Of course. I could wait a little longer for the answer; it would be easier to listen when the fierce pain of the fiery thirst was no longer scattering my concentration. “Okay.”

“Wait, wait, wait,” Alice trilled from the doorway. She danced across the room, dreamily graceful. As with Edward and Carlisle, I felt some shock as I really looked at her face for the first time. So lovely. “You promised I could be there the first time! What if you two run past something reflective?”

“Alice—,” Edward protested.

“It will only take a second!” And with that, Alice darted from the room.

Edward sighed.

“What is she talking about?”

But Alice was already back, carrying the huge, gilt-framed mirror from Rosalie’s room, which was nearly twice as tall as she was, and several times as wide.

Jasper had been so still and silent that I’d taken no notice of him since he’d followed behind Carlisle. Now he moved again, to hover over Alice, his eyes locked on my expression. Because I was the danger here.
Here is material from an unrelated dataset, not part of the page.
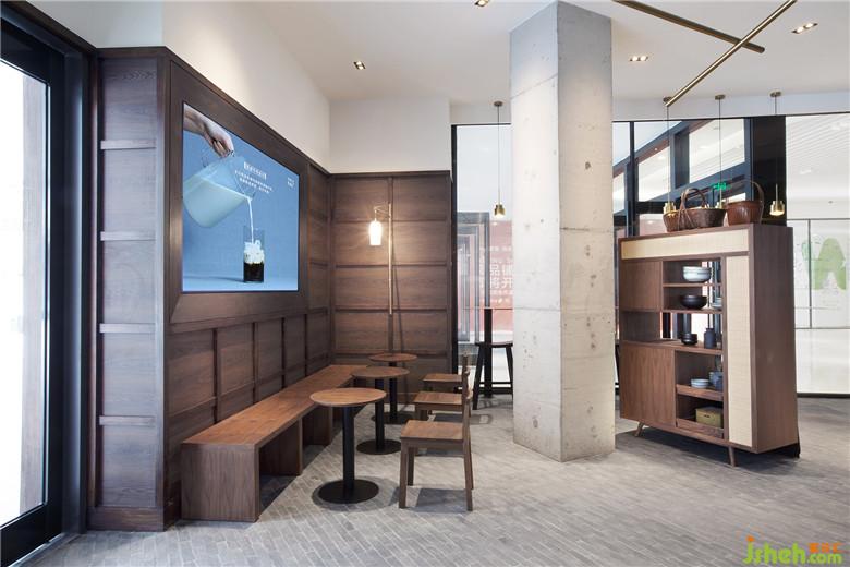 在空間布局上,敞開式的廚房在墻面采用了藍紫色的小磚,大大小小的深棕木色檔口,能夠360度看到廚房的工作人員制作手工飲品的過程,讓食客時刻感受著品牌的匠心。

I knew he would be tasting the mood around me, too, and so he must have felt my jolt of shock as I studied his face, looking at it closely for the first time.

Through my sightless human eyes, the scars left from his former life with the newborn armies in the South had been mostly invisible. Only with a bright light to throw their slightly raised shapes into definition could I even make out their existence.

Now that I could see, the scars were Jasper’s most dominant feature. It was hard to take my eyes off his ravaged neck and jaw—hard to believe that even a vampire could have survived so many sets of teeth ripping into his throat.